Residual Stress Distribution and Fatigue Behavior of Combined Bolted-Welded Joints

Combined bolted-welded joints use both bolting and welding methods to connect several members, resulting in a versatile and robust solution for structural connections. However, very limited studies have focused on the residual stress distribution and fatigue behavior of these joints. In this paper, a total of eight specimens of double lap joints using bolts and fillet welds were fabricated and tested to measure the residual stress distribution. A finite element model was also developed for predicting the residual stress and residual deformation, and then it was validated against the test results. The effects of different welding parameters on the residual stress and residual deformation were evaluated, including the welding sequence (four different welding sequences) and welding process (welding speeds of 4 mm/s, 6 mm/s and 10 mm/s; welding powers of 5000 W, 6000 W and 7000 W; and post-weld heat treatments of no insulation, insulation at 200 degrees C and insulation at 300 degrees C).
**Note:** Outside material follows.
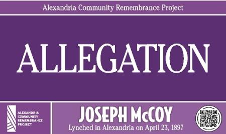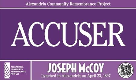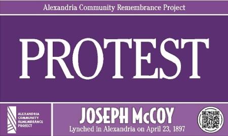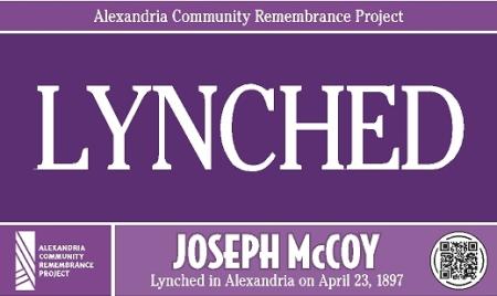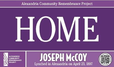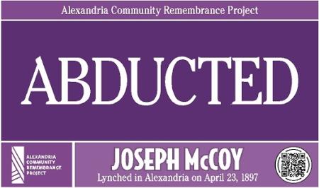 The Alexandria Community Remembrance Project marked the places in this city that were important to the story of the life and death of Joseph McCoy, an 18-year-old native Alexandrian accused of a crime and killed by a mob on April 23, 1897. The purple signs alerted passersby to Joseph McCoy’s existence and the role his life and death played in our shared history.
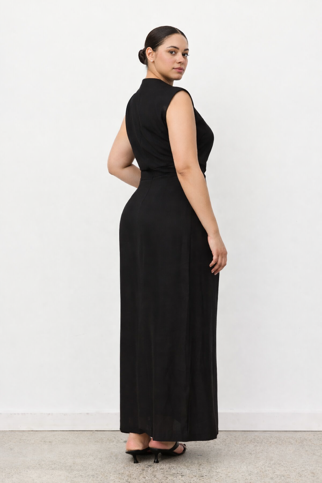 Introducing Velour in Black. Sophisticated elegance redefined. The Velour Dress is a sleek maxi featuring a high neckline and striking asymmetric sleeve - one cap sleeve and one extended sleeve - for a modern, architectural edge. With distinctive cinched side detailing that sculpts a flattering silhouette, its figure-hugging fit and luxurious drape transition effortlessly from boardroom to evening soirée.

The fatigue behaviors of combined bolted-welded joints with and without residual stresses were compared in terms of the fatigue life of crack propagation. It was shown that the maximum residual stress was approximately 450 MPa, far exceeding the yield strength of steel plate of 335 MPa, while welding sequence 1 produced the smallest residual stresses. Due to the presence of welding residual stresses, the fatigue life of combined bolted-welded joints was reduced by nearly 40%, which indicated that the fatigue life of the joint would be overestimated without considering the residual stresses.